I wish I could change the world. For real. For the better. I wish that mean people would be taught lessons, and they'd see the light and be proven wrong. I wish that good always prevailed and evil always lost. I wish that I could protect my loved ones from every bump, every bruise, every wrong. I wish I could at least change her world...
Less than two years ago, she lost everything. She lost her husband--the man she knew since she was 16. The man who taught her about love, about life, and unfortunately, about pain. The man who was everything. Then, she lost her home. Granted it was only a place she had lived in for three years, but it was her home, a place where she made memories. Then, she lost all of her belongings. The past 40 years of collections given away to ministries and shelters, unable to afford to move them and no home to store them in. Then, she lost her job--a place where she felt important, special and loved. A place where she felt like she belonged. She lost and left it all less than two years ago...and moved out to CA. Why? Because I needed her. Because she needed me. Because we both needed...something, and couldn't have Dad.
Now, I feel as though she is my child, in a way. She has so much to learn. She was sheltered for so long under the warmth of a husband and a church...and her children. Not that life was great--it wasn't--but once you lose everything, you forget its flaws and only remember it's beauty. I don't want her to lose anything more. I don't want her to feel any more pain. I wish I could shelter her from all of the world's pain, like a mother cradles her baby inside a blanket close to her heart. I wish that I'd never hear the sound of her cries again--only laughter. Laughter at a second chance, at a life rebuilt.

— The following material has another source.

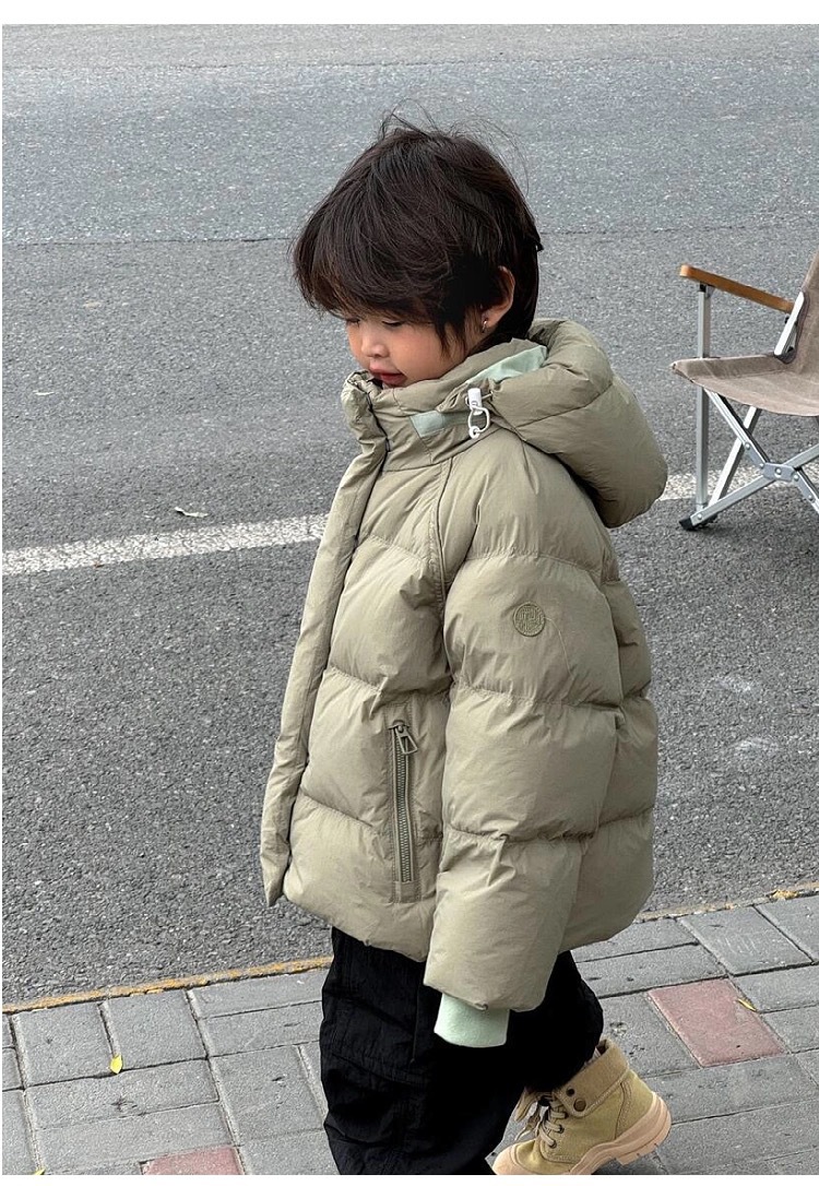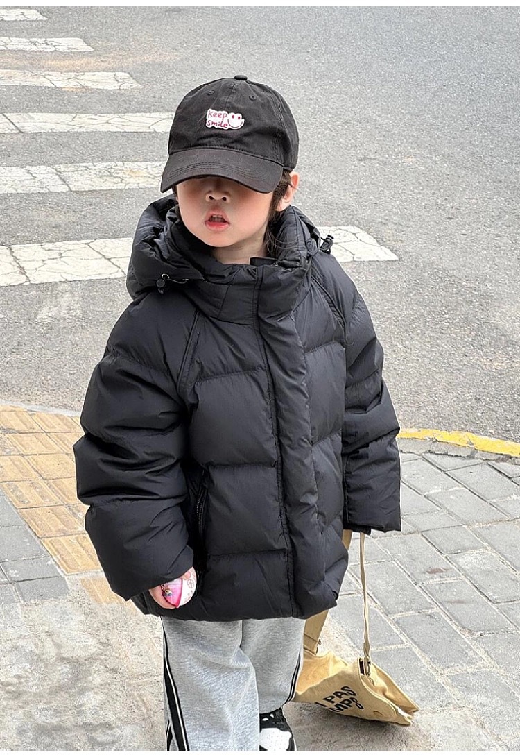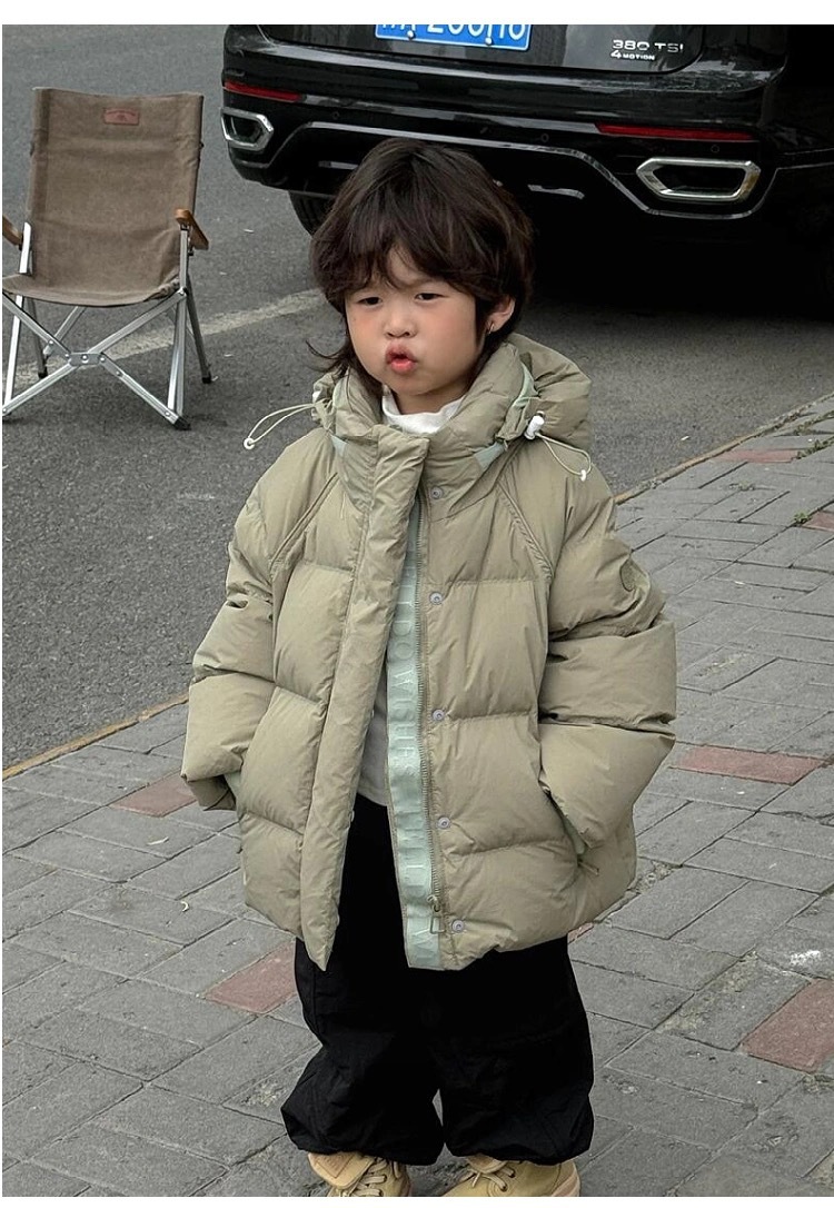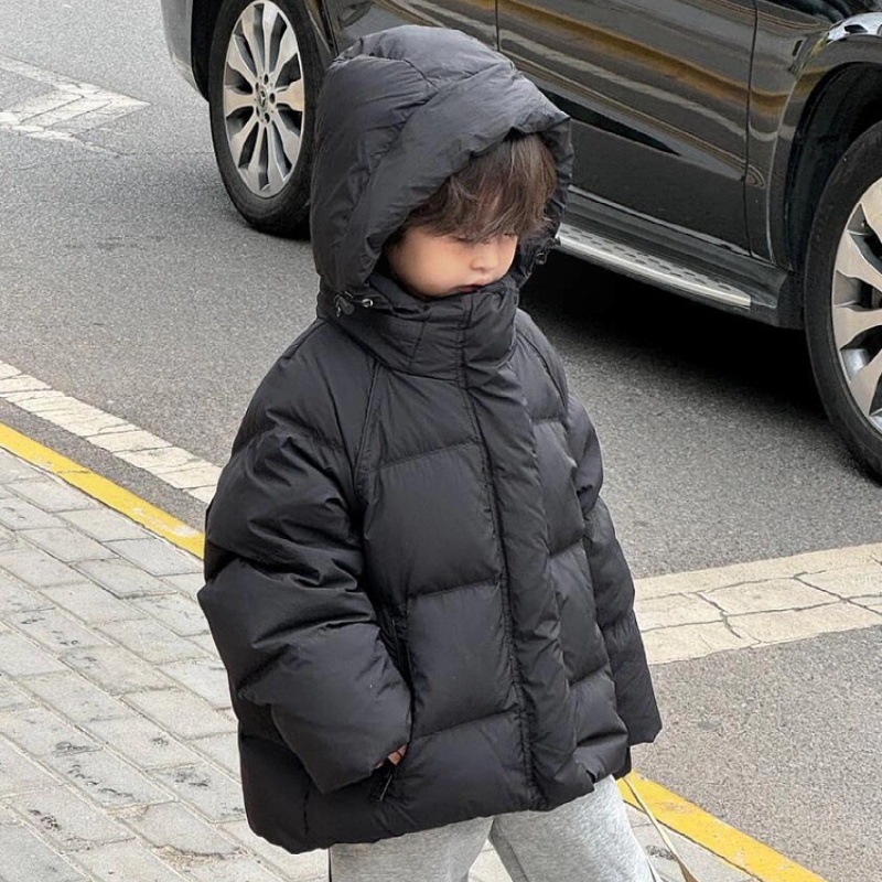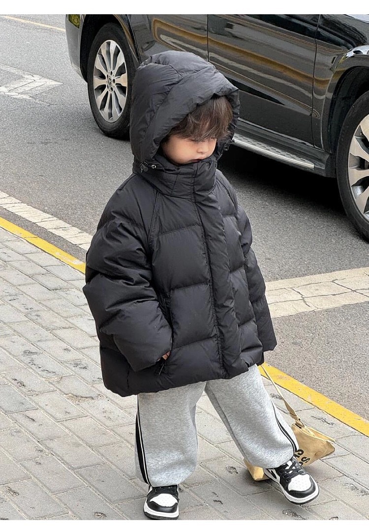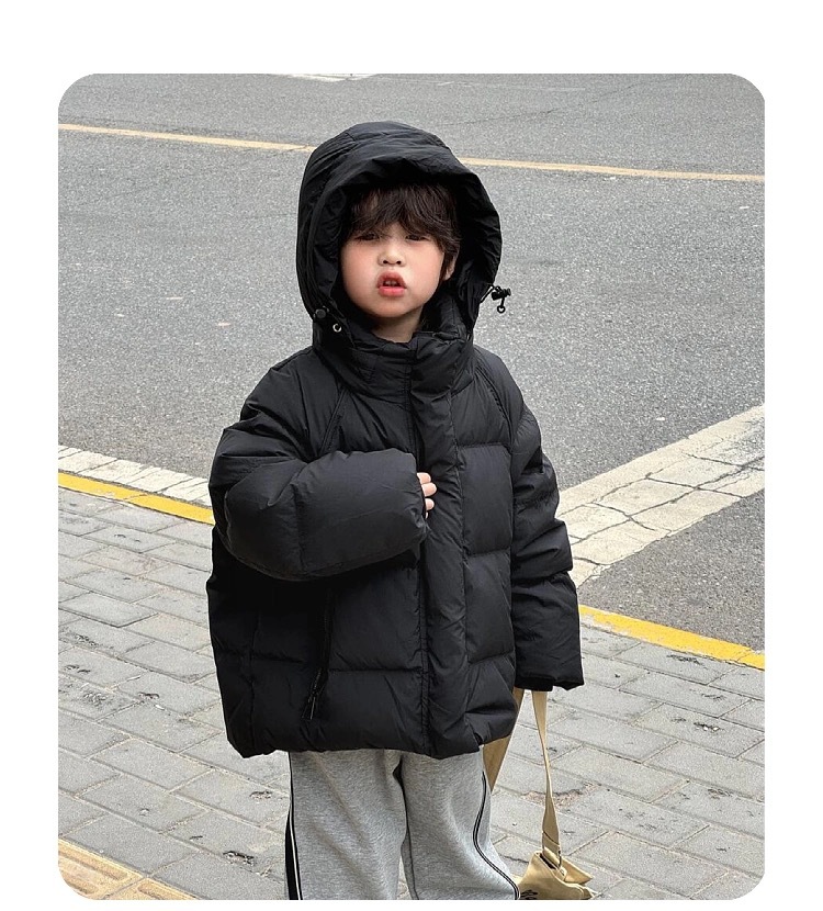 한국 여자 흰 오리 다운 재킷 따뜻한 2024 겨울 옷 어린이 후드 자켓 소년 짧은 두꺼운 옷스토어 가기

At her new job, the employers treat her horribly. They have it out for her--the sweetest woman in the world--most likely because she is more knowledgeable than they are and they hate it.
Something happened to her today at this new job...something bad...she was accused of something she didn't do, and forced to sign something saying she did it or she'd lose her job. How did this evil find its way into her life? Hasn't she experienced enough for one lifetime?
I wish that mean people would be taught lessons, and they'd see the light and be proven wrong. I wish that good always prevailed and evil always lost. I wish that I could protect my loved ones from every bump, every bruise, every wrong.
But they aren't. And it doesn't. But I can't.